Note that the original statement is correct because SG_USER (or 
whatever you define biosql_user to be) is supposed to be read-only and 
should never generate new records in the database. SG_LOADER, or 
whatever you set biosql_loader to be, is for r/w access and should get 
proper permissions to the sequences.

Of course you are free to dispose of the distinction between a 
read-only and a r/w user for your instance, but I don't think that 
should be the default ... BTW there is nothing that stops you from 
defining biosql_user and biosql_loader to the exact same user to 
achieve this very effect.

Let me know if I'm missing something here ...

>
> Simplified schema
>
> The only fix to make here is to do with the maximum value allowed in a 
> bioentry qualifier. Find the statement that creates the table 
> BioEntry_Qualifier_Value and alter the definition for the VALUE column 
> so that it has a maximum size of 300.

Note that in the standard schema this is a VARCHAR2(4000) meanwhile.

>
> Installation
>
> Original schema
>
> Make sure you have set the $ORACLE_SID environment variable to the 
> correct database before running the scripts, as they 
> connect/disconnect several times and if it is not set, you may end up 
> running them against the wrong database.

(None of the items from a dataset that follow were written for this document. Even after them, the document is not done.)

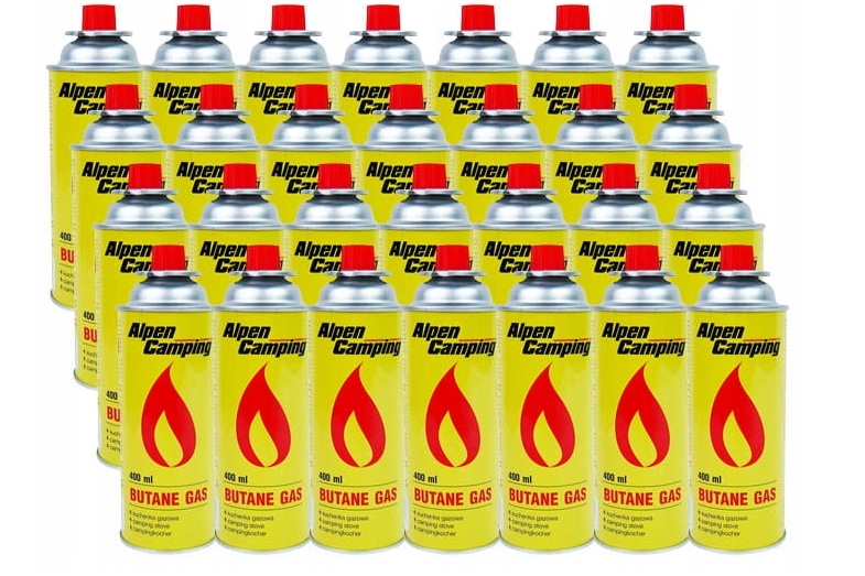 Повний комплект газових балонів. Кожна пляшка наповнена високоякісним газом ізобутан, що забезпечує безпечну роботу як у портативних кемпінгових плитах, газових лампах, так і на грилях. При ємності 400 мл один картридж забезпечує багатогодинну ефективну роботу при температурах від -10˚C до +40˚C. Сучасний клапан дозволяє зручно підключати і від'єднувати пляшку, не спорожняючи її повністю. Картриджі мають сертифікат якості за стандартом ЄС, тому їх можна транспортувати в кабінах вантажівок TIR. У коробці 28 балонів, тож жодна пригода не закінчиться через несподіваний вичерпання газових балонів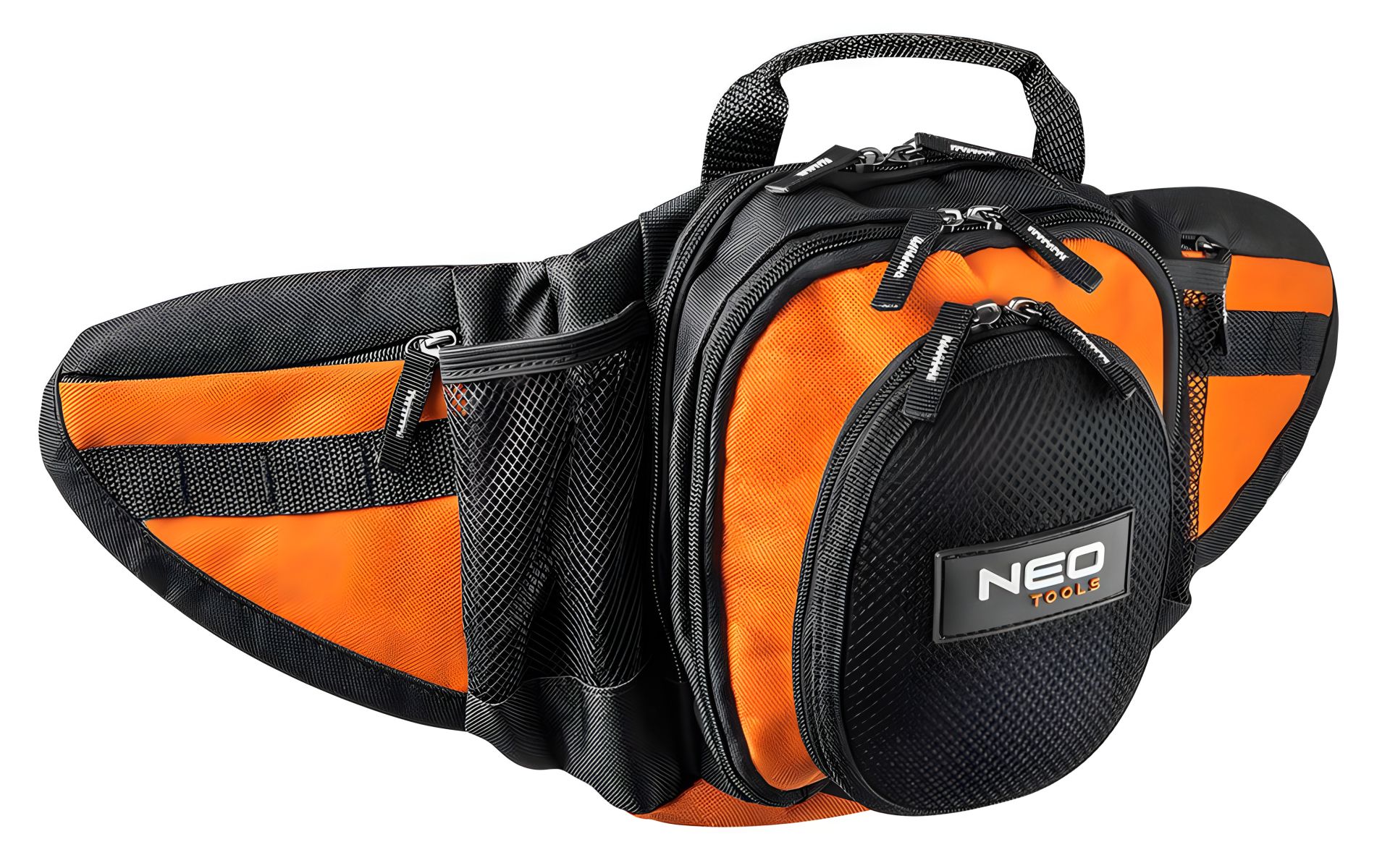 Пояс для инструмента NEO из упрочненного полиэстера, 5 внутренних карманов и 5 наружных карманов. Два вместительных основных отдела помещают большое количество инструмента и документов. Регулируемый ремень и ручка для переноски облегчают эксплуатацию.
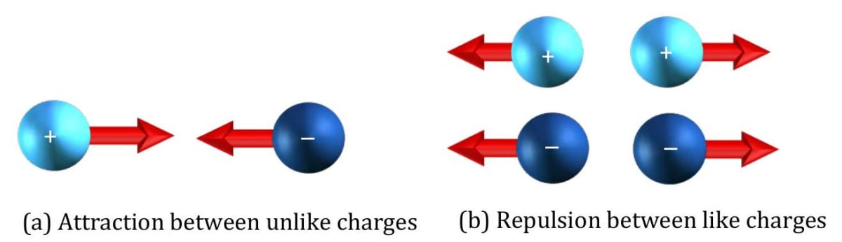 The electrons in an atom move around the nucleus. What keeps these electrons close to the nucleus? The positively charged protons in the nucleus exert an attractive force on the negatively charged electrons. All charged objects exert a force on each other. This force is called electrostatic force or electric force. The force exerted by a charged body on another charged body or uncharged body is known as electrostatic force. The electrostatic force between two charges can be attractive or repulsive (see figure). Objects with the same type of charge repel one another and objects with opposite charges attract one another i.e., 'like charges repel and unlike charges attract'.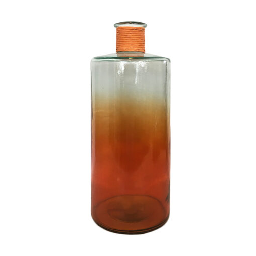 JARRON DE VIDRIO RECICLADO DEGRADÉ NARANJA A TRANSPARENTE.LA CADENA DE RECICLADO DEL VIDRIO ES UN CÍRCULO PERFECTO EN EL QUE LOS ENVASES VUELVEN A LA VIDA INFINITAS VECES ES UN CLARO EJEMPLO DE SOSTENIBILIDAD. NO SE UTILIZA NINGÚN TIPO DE ADITIVO SOLAMENTE VIDRIO RECICLADO 100% POST-CONSUMO CON CERTIFICACIÓN GRS. SE NECESITA UNA TEMPERATURA MÁS BAJA PARA FUNDIR EL VIDRIO RECICLADO Y POR LO TANTO SE AHORRA MUCHA ENERGÍA LOS RESIDUOS QUE VAN AL VERTEDERO SE REDUCEN DRÁSTICAMENTE Y LAS EXTRACCIONES DE ARENA Y MATERIAS PRIMAS SE MINIMIZAN.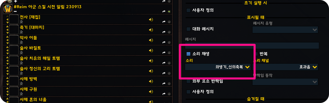 파티, 공격대 일 때 아군이 주요 스킬을 시전하면 사운드로 알려주는 위크오라입니다.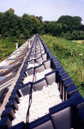 The majority of modules (76) are mounted along the conservatory parapet using 'ConSole' flat roof mounts with an inclination of 25 deg. These are black plastic tubs filled with stone ballast which don't require mechanical fixing or roof penetrations. They can also be moved relatively easily, given sufficient cable length, for roof maintenance purposes. In addition 7 modules are mounted on each end of the development on a galvanized steel framework fastened to concrete paving slabs with an inclination of 30 deg.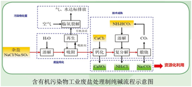 利用吸附-脫附技術(shù)富集工業(yè)廢鹽溶液中的有機(jī)污染物,再通過臨氧裂解技術(shù)實(shí)現(xiàn)達(dá)標(biāo)排放,凈化后的鹽溶液進(jìn)入制堿工藝,制堿工藝技術(shù)成熟,從而實(shí)現(xiàn)工業(yè)廢鹽的資源化利用。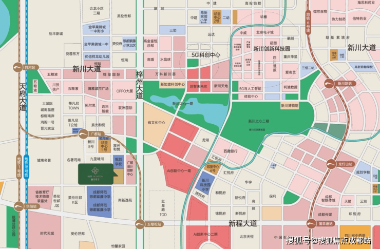 天府软件园与新川板块的核心交汇处,高新南“承上启下”的核心板块;以AI创新中心为核心的产业区,以银都紫藤中学为核心的新川首熟住区,以及新川之心为代表的湖区所组成的“产业+住区+湖区”中心地段,形成高新南“黄金三角芯”,新川核心地段的最后一块拼图。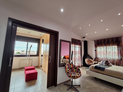 Planta Primera: Encontramos la zona de noche, está formada por bonito distribuidor con vistas al salón/comedor de la planta principal, 1 habitación doble, 1 habitación individual, un baño completo con plato de ducha y una impresionante Master Suite de gran tamaño con precioso vestidor y gran baño completo con jacuzzi y plato de ducha. Desde la Master Suite tenemos acceso a un precioso balcón/terraza con espectaculares vistas al pueblo de Masquefa y sus montañas.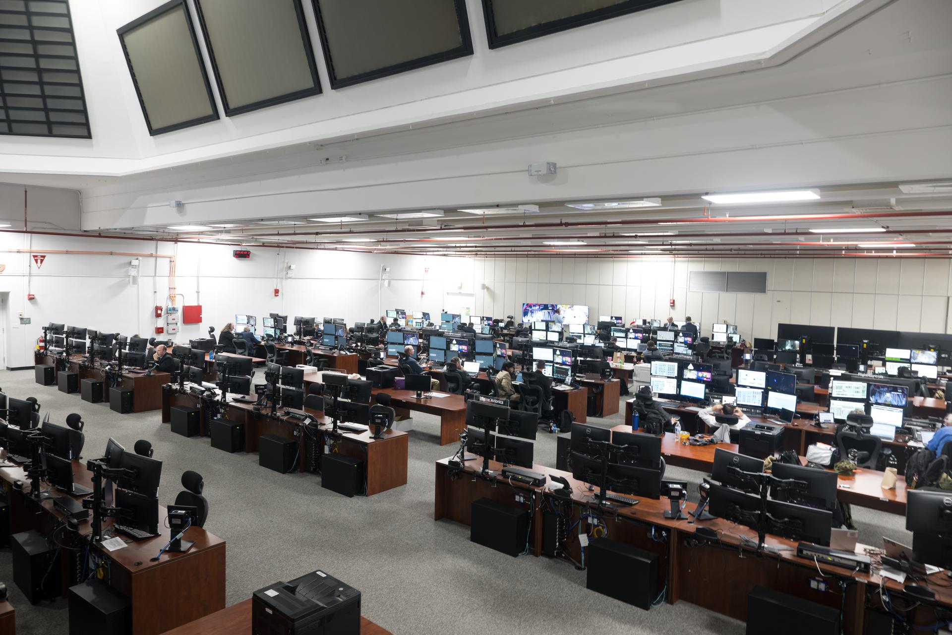 อีกมุมนึงของห้อง Firing Room ที่จะเป็นฝั่งของงานด้านระบบ Ground System ต่าง ๆ ที่มา – NASA/Aubrey Gemignani

Again, if the roles, user, and tablespace creation steps are commented 
out there should be no reconnecting. At least theoretically ...

>
> The installation requires the creation of three tablespaces - one for 
> data, one for indexes, one for LOB objects.

Again note that there is nothing that stops you from defining all three 
in BS-defs-local to the same tablespace (or two) which already exist. 
(If you define them to the same it should exist already as the 
tablespace creation script does assume that they are different.)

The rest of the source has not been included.